I guess world leaders should all come together and have some peace talk with this heck of a country! No right for them to make the king of the lands be slaves!! People are dying, starving and there are some having fun, thinking its over. But its not... I'm telling you, God is going to stir the country!!
Man I was really hurt today when I went in for cell group and my Pastor started praying for the Tamils in Sri Lanka. I was like, what world is Pastor in... Everything is over... Then I started to think. My social studies topic started coming to mind and then I remembered. Prabahkaran fought for the Tamils rights. The only mistake he did was killing Rajiv Ghandhi. But besides that, he wanted equal rights in the country... Hais...
I somehow have started hating my lectures already... My school mates are really inconsiderate and they disrupt other's learning and it has deeply saddened me. Leave school mates aside, even classmates are talking and all... I mean I know you guys are smart and you already know what is going on, but us?? We have no prior knowledge to what the heck is going on. And you can still scold me when I refused to talk to you!! Did you know how vulgar you were! I simply told you to shut the hell up and you can say such things to me?! This is it man, I'm never ever going to treat you as a friend again. You'll just be my hi, bye classmate and sadly, just like that tard, I'll have to see your freeking face!
I feel so hurt when my own friends turn and laugh at me. I feel so hurt when my own friends don't stand up for me. I feel so hurt when my own friends don't speak up for me. I feel so hurt when my own friends associate with someone I hate and agree with what he says. I feel so hurt when my own friends never take a word I say seriously. I feel so hurt when my own friends say something in front of me and something else behind my back. I feel so hurt when my own friends are just people who fade away.
Well, I've learned to not to bring people too close to your heart... Basically you can learn just so much with so little time... Don't you get pissed when people around you know how much you hate him, and then when he makes fun of you, they sit there along side him and laugh too instead of standing up for you. They make it seem like they are on your side, but they sneak giggles and they snicker when you are made fun of... What is the point of saying that he is a bastard and all in front of me, and then partake in his bullshit. I'm not angry or whatsoever. Just that I had enough I guess... It is horrible when people say you can't take jokes when in fact, they aren't making it seem like a joke! I mean heck you, I'm not sensitive ok! You should make it sound like a joke, not say things like you mean them, then what happens? You piss me off!!

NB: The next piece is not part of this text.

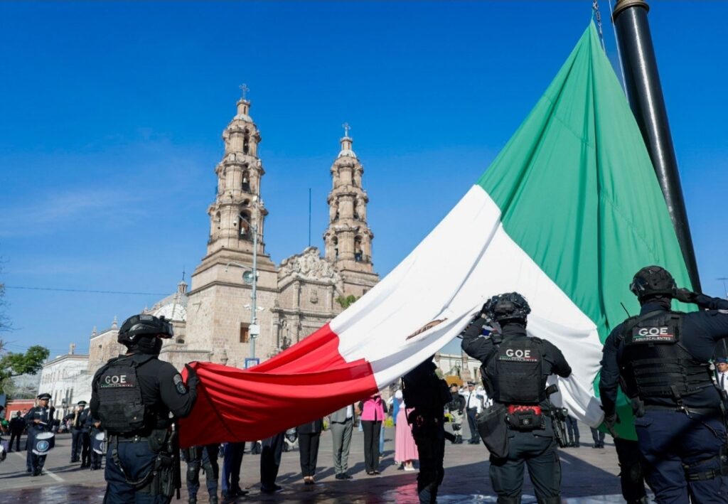 Acompañado por los regidores del H. Ayuntamiento de Aguascalientes y por el titular de la Secretaría de Seguridad Pública del Municipio (SSPM), Gonzalo Pérez Zúñiga, el presidente municipal rindió honores al lábaro patrio en la Plaza Principal, para resaltar los valores cívicos y la proximidad social.

Gosh who knew poly life can be so dramatic! I have realised one thing though, that making friends maybe an important part of life, but making them last is important luh! I came across someone's blog and I can't agree more with what was stated. You know that a person is not your friend the moment their actions bring you down...
And from now on, I know where my priorities lie and where I have to go. So basically I just have to shove off all the dirt in my path and move on.
Have to end off with this. Thanks Jash for mentioning this to me. You can break a girl who thinks nothing of you. So basically, whoever you maybe, whether you are smarter, elder or whatever heck, you don't, can't and won't break me because I think nothing of you!
I feel so much better now. Can't wait for tomorrow. Hopefully our CS re-enactment works out.